September 9, 2012

Babble On #22: "Babylon Squared"

Babylon 4, which vanished into thin air several years earlier, suddenly reappears in a nearby sector to Babylon 5. When Sinclair leads a team to investigate and lead an evacuation, he finds a station about to get dragged thousands of years into the past - and a mysterious alien who wants it to happen.

"Babylon Squared" is a crucial episode for Babylon 5's developing story arc. I remember it being one of my favourite Season 1 episodes the first time around, and while a rewatch has lessened my appreciation of it a little bit, I think that loss of appreciation comes from having seen future episodes of the series rather than a fault in the episode itself.

The first time around the episode was a bizarre mystery, suggesting future events and cataclysmic disasters awaiting Sinclair.
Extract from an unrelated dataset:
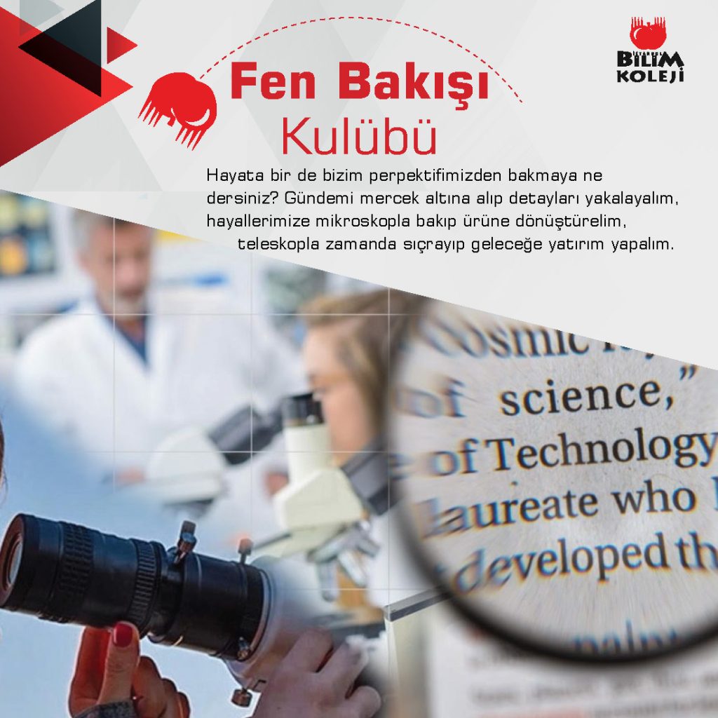 Fen Bakışı Kulübü, öğrencilerin yaş ve gelişim düzeylerine uygun olarak planlanan çalışmalarla; bilimi, teknolojiyi ve doğayı doğru yöntemlerle tanımalarını sağlar.

The second time around, and having seen the other end of this story (Season 3's "War Without End") it feels like Season 1 is accidentally stepping into Season 3 before backing away apologetically. The episode is all set-up with very little in the way of resolution - for now, at any rate. It is still a pretty impressive achievement: the first half of a time travel episode separated from the second by a gap of two years. I don't think there's been anything in SF television either before or since.

The episode also boasts some wonderfully moments between the regulars, such as Sinclair and Garibaldi playing pranks on Ivanova during breakfast and Garibaldi and Sinclair's surreal "button then zip or zip then button" conversation. It's completely out of place to the gravity of the rest of the episode, but makes the characters feel wonderfully human for a change.

I'm not sure if I've mentioned this yet or not. One of the things that's continued to strike me watching Season 1 a second time is how badly I misjudged Michael O'Hare the first time around. His performance as Jeffrey Sinclair is understated and measured where I used to think it was flat and wooden. He's a very thoughtful actor, and is adding a lot of depth to what is often a relatively thinly written role.

Of course they can't all be winners: guest star Kent Broadhurst is bizarrely over-the-top as Major Krantz, the Earth Alliance commander of Babylon 4. In an episode full of unexpectedly realistic performances from the regular cast he stands out like a sore thumb. More enjoyable is Tim Choate as the alien Zathras - he gives the character just enough tics and oddities to be strange but not irritating.

Meanwhile Delenn's personal story arc advances with a meeting with the mysterious Grey Council, and her receipt of the "triluminary". These episodes got broadcast out of order, which explains why she already had the triluminary a few episodes ago. Maybe she already had one, and is just being polite when receiving a second this week.

That's nine good episodes out of 20, or 45%. The season is really firming up after a shaky middle third.